* _Try it_
Print every entry exactly as written and exclude all images.

Data entries:

○ ○ ○ ○ ○ ○ ○

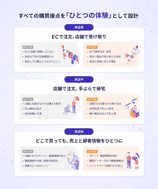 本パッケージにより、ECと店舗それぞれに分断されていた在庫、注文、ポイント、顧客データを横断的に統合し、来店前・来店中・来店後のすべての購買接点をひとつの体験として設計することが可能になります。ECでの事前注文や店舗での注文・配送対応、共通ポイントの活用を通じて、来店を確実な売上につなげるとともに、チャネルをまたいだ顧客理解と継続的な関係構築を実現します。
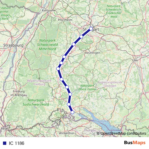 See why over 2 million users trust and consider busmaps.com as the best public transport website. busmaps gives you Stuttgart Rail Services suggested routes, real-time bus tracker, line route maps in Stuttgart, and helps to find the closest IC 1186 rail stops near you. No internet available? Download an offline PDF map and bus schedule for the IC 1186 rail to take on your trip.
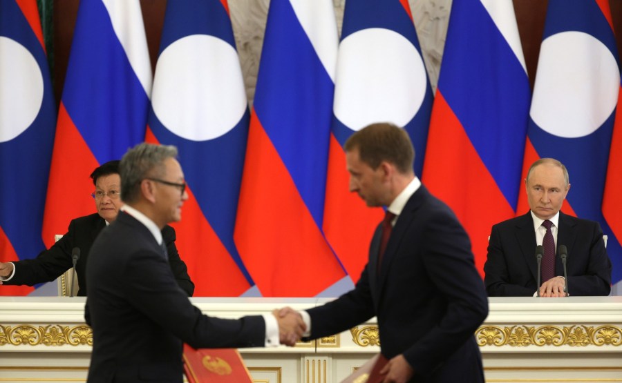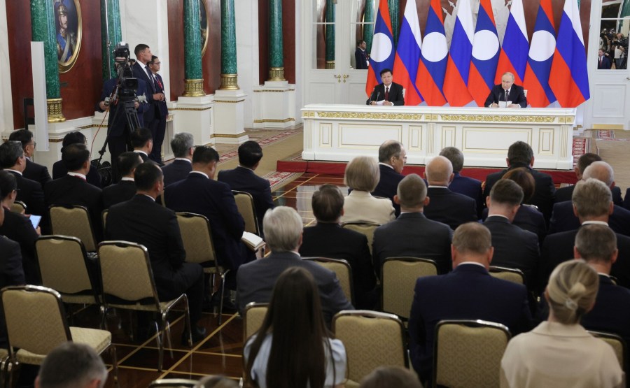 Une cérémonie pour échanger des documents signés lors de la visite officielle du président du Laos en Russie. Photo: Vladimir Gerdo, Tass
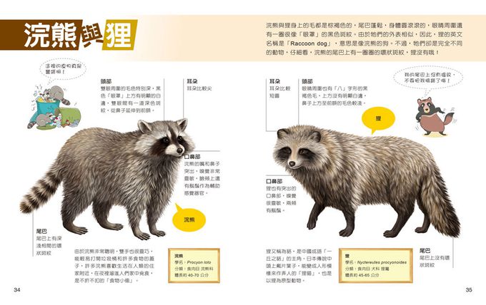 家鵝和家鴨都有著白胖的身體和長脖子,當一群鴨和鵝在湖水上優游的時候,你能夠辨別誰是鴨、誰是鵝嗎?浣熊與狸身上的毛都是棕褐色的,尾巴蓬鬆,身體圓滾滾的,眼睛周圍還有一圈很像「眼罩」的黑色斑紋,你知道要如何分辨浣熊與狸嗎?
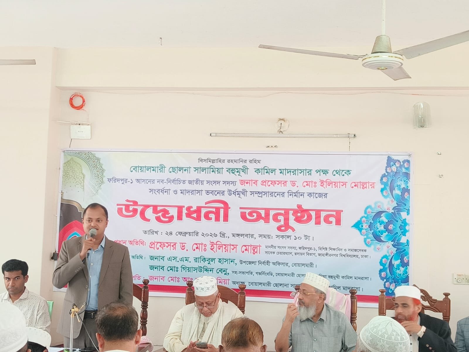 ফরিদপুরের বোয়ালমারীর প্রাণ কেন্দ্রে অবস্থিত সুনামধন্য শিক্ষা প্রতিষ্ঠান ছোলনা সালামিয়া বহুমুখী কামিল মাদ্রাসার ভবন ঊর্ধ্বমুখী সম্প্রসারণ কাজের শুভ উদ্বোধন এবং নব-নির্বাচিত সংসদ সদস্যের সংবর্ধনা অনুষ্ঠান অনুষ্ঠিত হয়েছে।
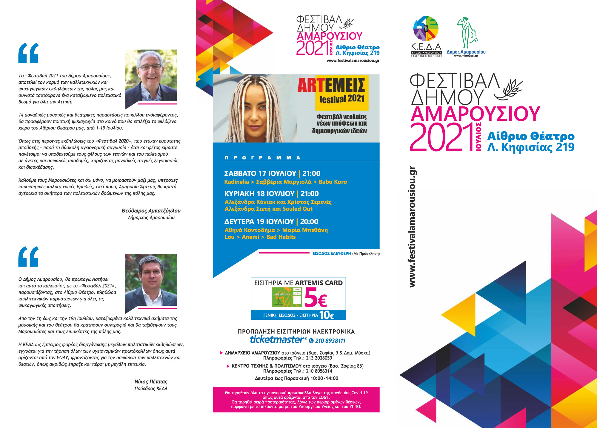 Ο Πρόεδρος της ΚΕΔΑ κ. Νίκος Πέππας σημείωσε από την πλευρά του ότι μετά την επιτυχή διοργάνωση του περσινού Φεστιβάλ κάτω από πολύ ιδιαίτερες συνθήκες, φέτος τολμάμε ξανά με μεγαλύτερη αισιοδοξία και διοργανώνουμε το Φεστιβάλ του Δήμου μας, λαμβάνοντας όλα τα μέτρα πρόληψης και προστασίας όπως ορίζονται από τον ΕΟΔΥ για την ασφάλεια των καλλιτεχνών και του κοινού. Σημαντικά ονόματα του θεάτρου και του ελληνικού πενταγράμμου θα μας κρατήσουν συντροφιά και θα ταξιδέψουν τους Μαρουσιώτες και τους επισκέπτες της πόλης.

○ ○ ○ ○ ○ ○ ○

* _Written solution_
 本パッケージにより、ECと店舗それぞれに分断されていた在庫、注文、ポイント、顧客データを横断的に統合し、来店前・来店中・来店後のすべての購買接点をひとつの体験として設計することが可能になります。ECでの事前注文や店舗での注文・配送対応、共通ポイントの活用を通じて、来店を確実な売上につなげるとともに、チャネルをまたいだ顧客理解と継続的な関係構築を実現します。
 See why over 2 million users trust and consider busmaps.com as the best public transport website. busmaps gives you Stuttgart Rail Services suggested routes, real-time bus tracker, line route maps in Stuttgart, and helps to find the closest IC 1186 rail stops near you. No internet available? Download an offline PDF map and bus schedule for the IC 1186 rail to take on your trip.
 Une cérémonie pour échanger des documents signés lors de la visite officielle du président du Laos en Russie. Photo: Vladimir Gerdo, Tass
 家鵝和家鴨都有著白胖的身體和長脖子,當一群鴨和鵝在湖水上優游的時候,你能夠辨別誰是鴨、誰是鵝嗎?浣熊與狸身上的毛都是棕褐色的,尾巴蓬鬆,身體圓滾滾的,眼睛周圍還有一圈很像「眼罩」的黑色斑紋,你知道要如何分辨浣熊與狸嗎?
 ফরিদপুরের বোয়ালমারীর প্রাণ কেন্দ্রে অবস্থিত সুনামধন্য শিক্ষা প্রতিষ্ঠান ছোলনা সালামিয়া বহুমুখী কামিল মাদ্রাসার ভবন ঊর্ধ্বমুখী সম্প্রসারণ কাজের শুভ উদ্বোধন এবং নব-নির্বাচিত সংসদ সদস্যের সংবর্ধনা অনুষ্ঠান অনুষ্ঠিত হয়েছে।
 Ο Πρόεδρος της ΚΕΔΑ κ. Νίκος Πέππας σημείωσε από την πλευρά του ότι μετά την επιτυχή διοργάνωση του περσινού Φεστιβάλ κάτω από πολύ ιδιαίτερες συνθήκες, φέτος τολμάμε ξανά με μεγαλύτερη αισιοδοξία και διοργανώνουμε το Φεστιβάλ του Δήμου μας, λαμβάνοντας όλα τα μέτρα πρόληψης και προστασίας όπως ορίζονται από τον ΕΟΔΥ για την ασφάλεια των καλλιτεχνών και του κοινού. Σημαντικά ονόματα του θεάτρου και του ελληνικού πενταγράμμου θα μας κρατήσουν συντροφιά και θα ταξιδέψουν τους Μαρουσιώτες και τους επισκέπτες της πόλης.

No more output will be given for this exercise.